*Your objective*:
Omit the pictures and reproduce the rest of the listing exactly.

*Dataset content*:

- - -

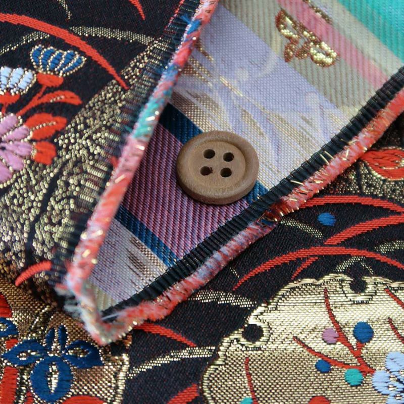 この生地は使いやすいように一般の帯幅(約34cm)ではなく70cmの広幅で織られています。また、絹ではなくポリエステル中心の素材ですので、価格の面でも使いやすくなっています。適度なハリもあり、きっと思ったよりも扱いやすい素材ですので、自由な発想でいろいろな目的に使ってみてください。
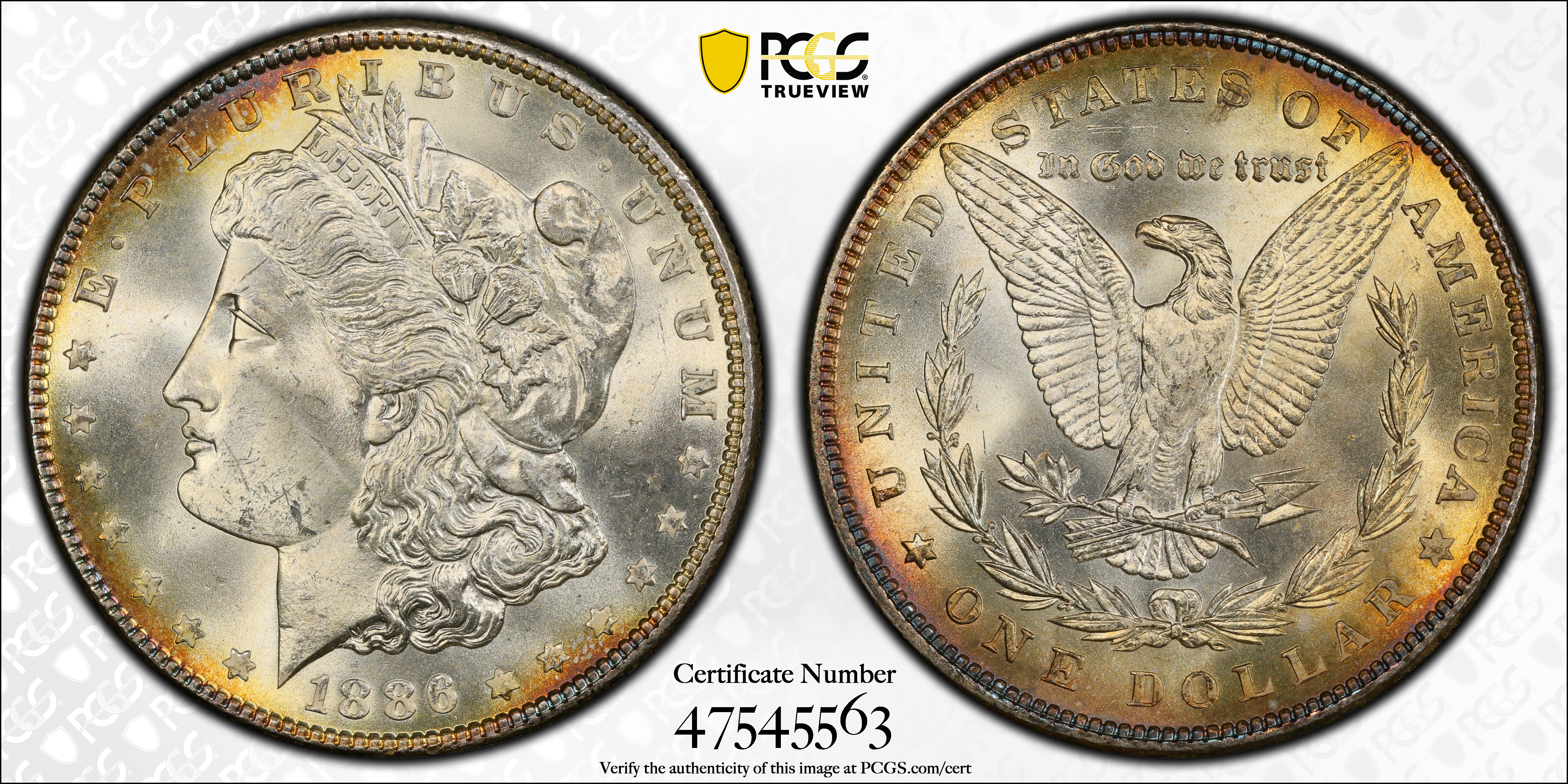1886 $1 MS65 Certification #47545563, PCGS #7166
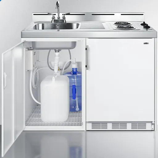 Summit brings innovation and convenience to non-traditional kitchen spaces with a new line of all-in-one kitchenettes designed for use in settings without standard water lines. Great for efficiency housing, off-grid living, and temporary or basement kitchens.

- - -

*Solution for this task*:
 この生地は使いやすいように一般の帯幅(約34cm)ではなく70cmの広幅で織られています。また、絹ではなくポリエステル中心の素材ですので、価格の面でも使いやすくなっています。適度なハリもあり、きっと思ったよりも扱いやすい素材ですので、自由な発想でいろいろな目的に使ってみてください。
1886 $1 MS65 Certification #47545563, PCGS #7166
 Summit brings innovation and convenience to non-traditional kitchen spaces with a new line of all-in-one kitchenettes designed for use in settings without standard water lines. Great for efficiency housing, off-grid living, and temporary or basement kitchens.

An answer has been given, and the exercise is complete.